Friday, September 21, 2012

Rosh Hashanah 5773 | Making the Perfect Round Spiral Challah

I know, I know, Rosh Hashanah has passed, but I still put it in this title.  In our family, we make round-shaped challot all the way through Shabbat Shuvah, Sukkot, and Simchat Torah.  Personally, I think that the braided round (tutorial from last year) is really the loveliest of round challah shapes, and the Croatian star is one my most commonly hit pages here.  However, for certain recipes, the simple spiral challah is the perfect shape.

The round spiral is known by a few names, apparently.  I was surprised to read it referred to as a "turban challah," which to me brings up all sorts of funny visions of Maimonides (Rambam, Moshe ben Maimon, however you want to to call him).

Another name for the spiral is a Faigele which is Yiddish for "little bird." This website gives a good description for this name...
According to the Encyclopedia Judaica, the New Year's spiral is a shape with a Ukrainian origin, originally a bird shape with the center of the spiral culminating in a bird's head: "The bird's head symbolizes the phrase in Isaiah 31:5 'As birds hovering, so will the Lord of Hosts protect Jerusalem'" — which helps to explain why this spiral shape would be called a faigele, "little bird" in Yiddish.
Regardless of what you call it, it's lovely.  The following technique is a great way to make a really nice, smooth round challah shape.  It works equally for plain challah and for stuffed challah, so I've given you a set of pictures from both methods.

Start out with your dough on a flour surface.  With a rolling pin, roll the dough out smoothly and flat into a long, oblong rectangle about 1/4 inch thick.
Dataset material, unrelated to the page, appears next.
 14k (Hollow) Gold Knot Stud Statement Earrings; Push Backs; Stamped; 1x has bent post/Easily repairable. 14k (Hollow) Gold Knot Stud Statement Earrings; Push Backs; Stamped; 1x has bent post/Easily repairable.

Next, coil up the challah, trying to keep as many of the bubbles out as possible. The resulting strand should be about the size you would normally use to braid challah.
spiral05 spiral06
For a stuffed apple challah (or any filling), the process is the same, however you add your apples! I keep my apple pieces very small, flour them, and keep a consistent amount throughout the coil, which helps prevent air pockets. Also, keep them away about an inch or two from the ends to get a good seal.
spiral02 spiral03
Once you have your long strand, use your palms to length it if desired. When coiling, start by making the small central point and then switch to bring the long tail around the center (I learned this from an elderly woman at my synagogue... I'm not sure quite why, but it seems to make a more successful shape.)
If you like your round challah to be tall, keep the strands nice and tight together with each other. The result will be that, as the challah bakes, the center will be pushed up for a nice tall loaf.
Conversely, if you want your challah to be flatter, try to keep a bit of air in between the coils. The key is just a tiny bit otherwise your challah won't fuse enough. I always try to do this method, because I like my round challot flatter. Below is my crowning achievement in round challot... no other loaf has been quite as pretty as this one.  And perhaps that is the key... accepting that your challot are beautiful no matter what, even if they're a little extra tall like the one above.
Wishing you a Shabbat of rest and of peace and a very meaningful fast this Yom Kippur. From our bayit to yours.